This is very close to what globalists did with Americans last year, when you have to
pay for regimes somewhere if they proclaim that they go to democratic way and they support
liberal values, and for
this billions and billions were paid through USAID.
What is globalism?
Globalism is a cancer.
Globalism is a cancer of humankind. that they know better what to do, but in reality they kill alive cells. Because
alive cells in mankind, this is passionate people, patriots of their own
nations, believers. Globalism do not allow us to be believers. You can't be
Christian or Muslim if you are
globalist. You have to believe in globalism. This is a sort of religion, of sect. And the
best people in any nation, this is a people who believe in the face of their ancestors,
of their parents, who are patriots of their countries. So it means that who belong to communism
became to be a cancer cell for their own nation.
This is the problem.
So globalism, this is not something
that could be a scholastic experiment or idea.

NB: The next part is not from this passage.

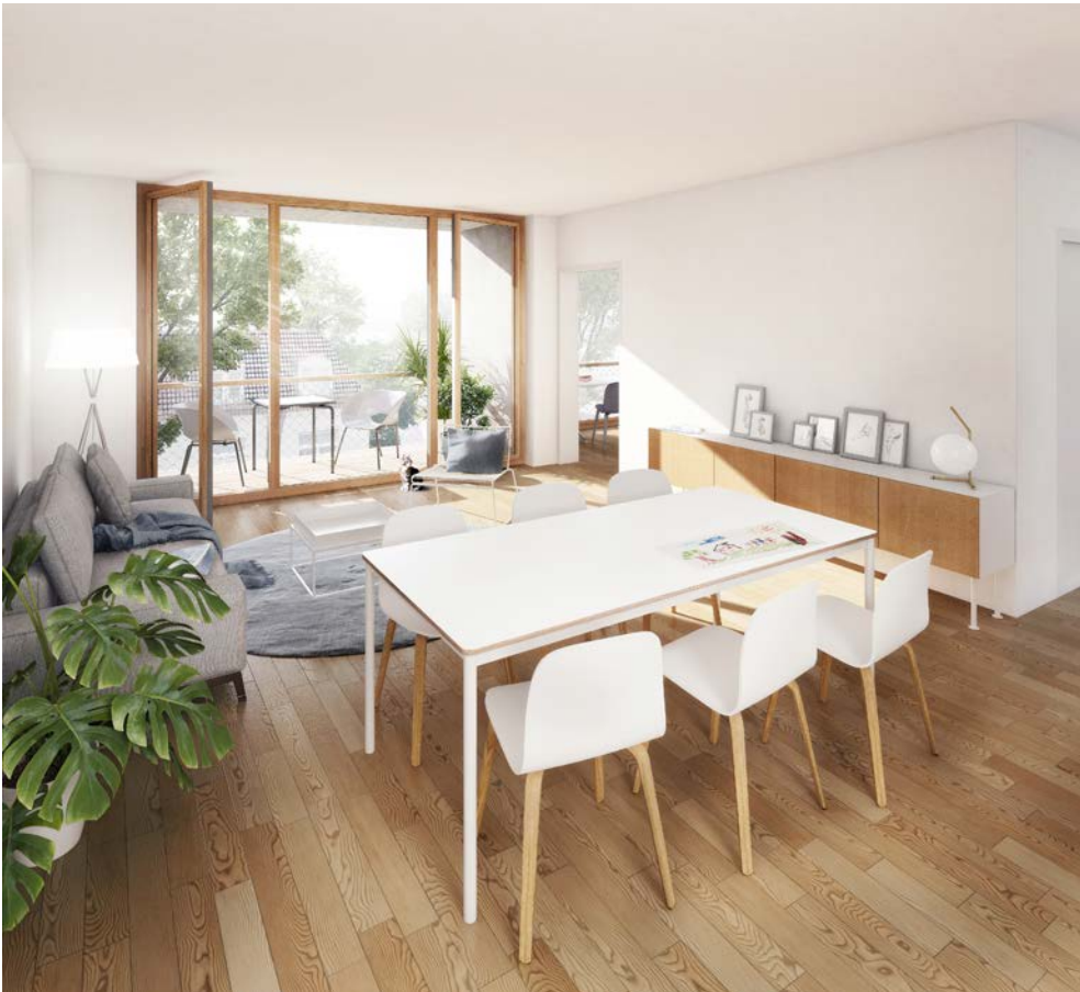
Visualisierung Innenraum 4-Zimmer-Wohnung

Alle Wohnungen verfügen über eine Loggia oder Terrasse, sowie eine gehobene Ausstattung mit Fußbodenheizung in allen Räumen. Im Kellergeschoss stehen Abstellräume, PKW- und Fahrradstellplätze zur Verfügung.

This is something that crush and ruin your natural organic nation
and natural organic destiny and national organic mission. So it means that you're Russia. You
have to do what is good for Russia. For France, you have to do what is good for France. But
globalists, they teach us what is good for them, for globalists. This brings us to the concept of realism, that a country has legitimate sovereignty
and legitimate security needs, and every other country must respect that.
Absolutely.
Absolutely.
That is a major awakening in United States foreign policy.
I mean, look at United States foreign policy towards Russia.
It's like you turn the battleship around on a dime
in 50 days.
The Russians must be ecstatic at what President Trump
has done vis-a-vis Russia since he became president
the second time.
And we appreciate this.
We understand what he did.
We understand that what he's doing, this is of course not in best interest of Russia,
this is in best interest of U.S., but Russia national interest now in line with what he's
doing.
And we appreciate it because we talk to somebody pragmatic.
Like you can say that, listen, this is good for you and this is good for me. Let's make a deal. Because
previously with Biden administration, with all these globalist neocons, you have no discussion,
because they say you have to do this because according to our sect rules or our secret
books you have to do this. We say, why? They said, there is no discussion about why, because we dictate you to do this, or otherwise
you are demon, you are evil, and we would do the page of time with demonized face of
you.
What is your understanding of the origins of the special military operation in Ukraine?
The very deep root origin of special military operation
is that we are a divided nation.
We are a Russian people, divided nation,
for three parts,
Belarusia, Ukraine, and Russia.
We were one country back 100 years ago.
When Bolsheviks made a revolution in 1917,
they split us for many so-called Soviet republics,
us Russian people.
Some of the Soviet republics were
split with people of different nationalities,
like for example, Georgia.
They respected old Christian nationalities.
We know them. We live with them
thousands of years nearby. We know that they are different. They are Orthodox, but they
are different. But Ukraine and Belarus, they are not different. They are us. There is no
difference at all, not genetically, not culturally, not language-wise. Ukrainian language appeared
just 100 years ago as it is now. And the last 30 years, they invented a lot of new words
to say this is a new language.
Our families divided, and half of Ukraine
were created as a civilized area just back 200 years ago,
when Catherine the Great
conquered this area from Turks that called
Wild Field those days and built up
all this, Donbass, Odessa, Nikolaev,
Crimean city, all of this were built in Catherine the Great time
and Russian Empire invested a lot that was for us our mission
to civilize this area. So this area was civilized.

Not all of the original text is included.